The inevitable moment I realized I needed clear a donation policy came when I arrived at the school one day to find no fewer than five heaping boxes of books parked in the library. Hooray!, I thought. Only to realize that under those nice new copies of Harry Potter were stacks of old adult horror books nibbled by mice and speckled with mold.

Also a lawnmower manual and some outdated travel books.

None of the school staff had seen the donor come in, and nobody in the community would ‘fess up. The main ethical concern was what to do with the books that weren’t suitable for our use. What if the donor, or the donor’s kids, came into the library and saw that their donated books weren’t on the shelf? Would they be upset? Would they ask to have them back? It was clear that my laissez-faire donation policy wasn’t going to fly much longer. To safeguard against future ambiguity, I wrote the following donation policy:

The Skybrary thrives on book donations! Donated materials are subject to the same criteria as regularly selected materials. As such, donated items must: be of student interest, be age-appropriate, and be in good condition. Materials not chosen for inclusion under these criteria, or that are duplicates of books already held in the Skybrary, will be donated to Goodwill or another charitable organization, given to the art teacher to be used in projects, or placed in the “free” box.

Your collection development policy is going to be your best friend. You’ve put a lot of thought into what you want in your library—if someone has given you a book that doesn’t fit (or even runs counter to) that standard, you aren’t obligated to keep it. In fact, to serve your library’s mission, you shouldn’t keep it. To protect yourself from donor dismay, include in your collection development policy a clear section on donation standards and what to do with donations that don’t suit it.

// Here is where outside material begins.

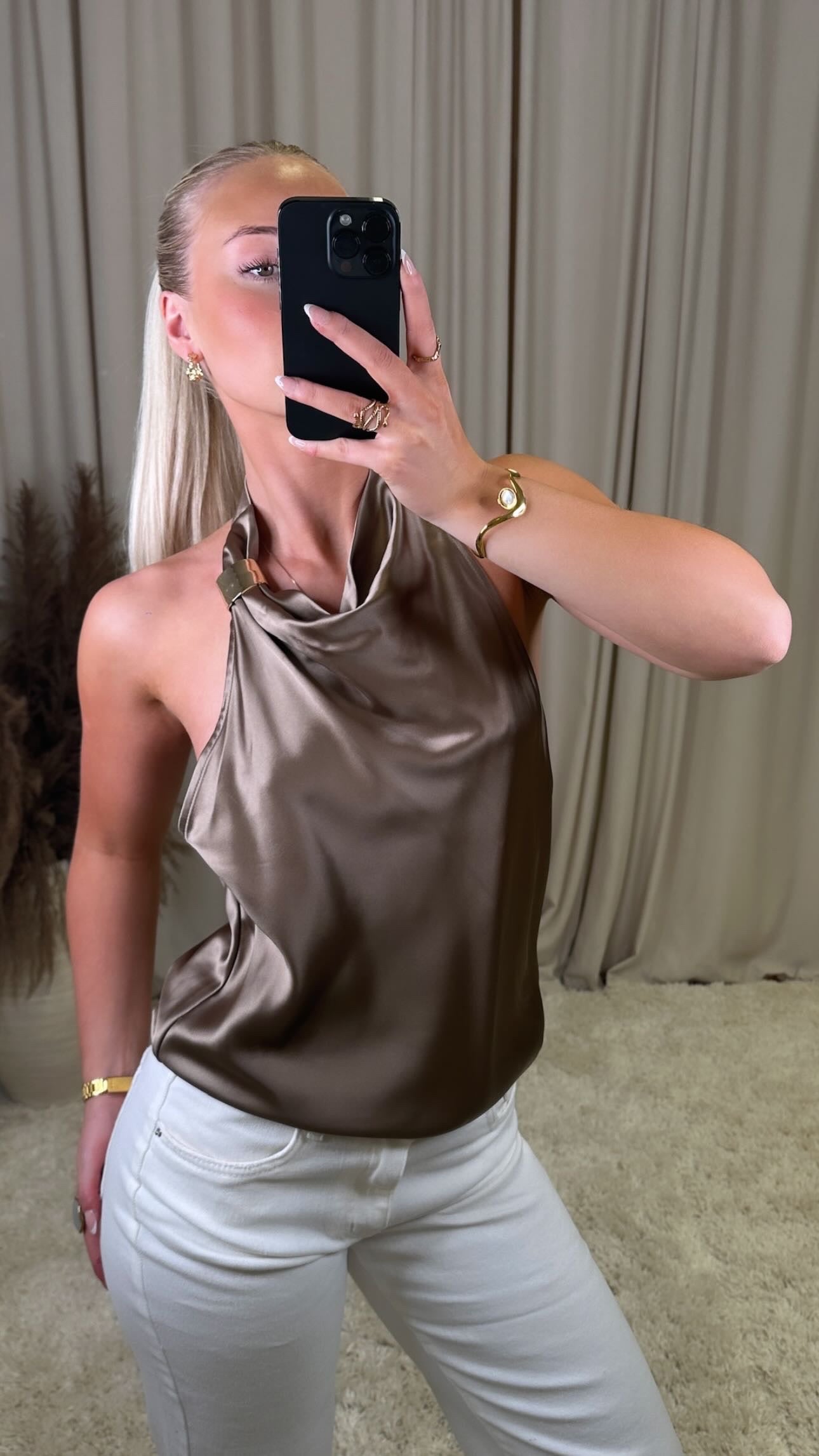 Æðislega fallegur bolur úr mjög mjúku satín efni, það er engin teygja í efninu og er hneppt um hálsinn

Be aware that donations can come in all forms! One family asked to donate $500 worth of new books to the Skybrary—I just had to tell them what to purchase.  Always have a running wishlist, and be cognizant of what you do want as much as what you don’t. With a policy in place, donations can become a fruitful, useful component of your collection.

(This entry feels boring, so here is a joke. Q: What was Old MacDonald’s nickname in the Army? A: G-I-G-I-Joe!) (This is the only joke I can consistently remember. I learned it from Highlights magazine when I was seven.) (Now if I meet you at a dinner party, you will already know my joke; CURSES; WHAT WAS I THINKING?)

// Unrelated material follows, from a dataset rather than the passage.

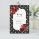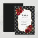 Convite de casamento gótico vermelho, preto e dourado com rosas vermelhas e um fundo tufado de luxo de diamante.

Sex in the library (books)! How our students helped me develop a plan to handle mature content in their Skybrary

Now that you’re tapped into the librarian hivemind and know all of the great and ground-breaking titles, it’s time to buckle down and really consider your audience. This was a unique challenge for me at Skybridge: our school serves students from grades 6-12. This runs the gamut from smart but very (emotionally) young ten-year-olds to 18-year-olds with part-time jobs and coffee addictions. Obviously, books for one age group might not be of interest, or appropriate, for the other. This is what we call having a dual-audience library.

skybrary twilight shelf

What do public libraries do?

In a public library, all library content is available to all patrons.* It’s detailed in the American Library Association Bill of Rights—the librarian’s job is to allow everyone access to all information. A parent may tell his eight-year-old that he may not check out Sex Criminals. However, the librarian may not do so.

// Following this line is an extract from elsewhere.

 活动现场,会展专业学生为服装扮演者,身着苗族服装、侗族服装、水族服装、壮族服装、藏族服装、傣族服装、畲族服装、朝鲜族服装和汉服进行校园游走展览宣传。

It’s different in a school library. For one, the parent isn’t present, and many schools have privacy policies so that parents may not even know what their child has taken out. Also, because the library collection has been selected especially for youth (as opposed to a public library, which caters to all ages), there’s an expectation that the materials in the library already are youth-appropriate. In making that collection development policy, the librarian is putting her implicit seal of approval on each book. There’s no expectation that she’s read every book, but her collection development should be so intentional that she could stand behind every single book in a challenge (and she certainly wouldn’t put Sex Criminals in her collection).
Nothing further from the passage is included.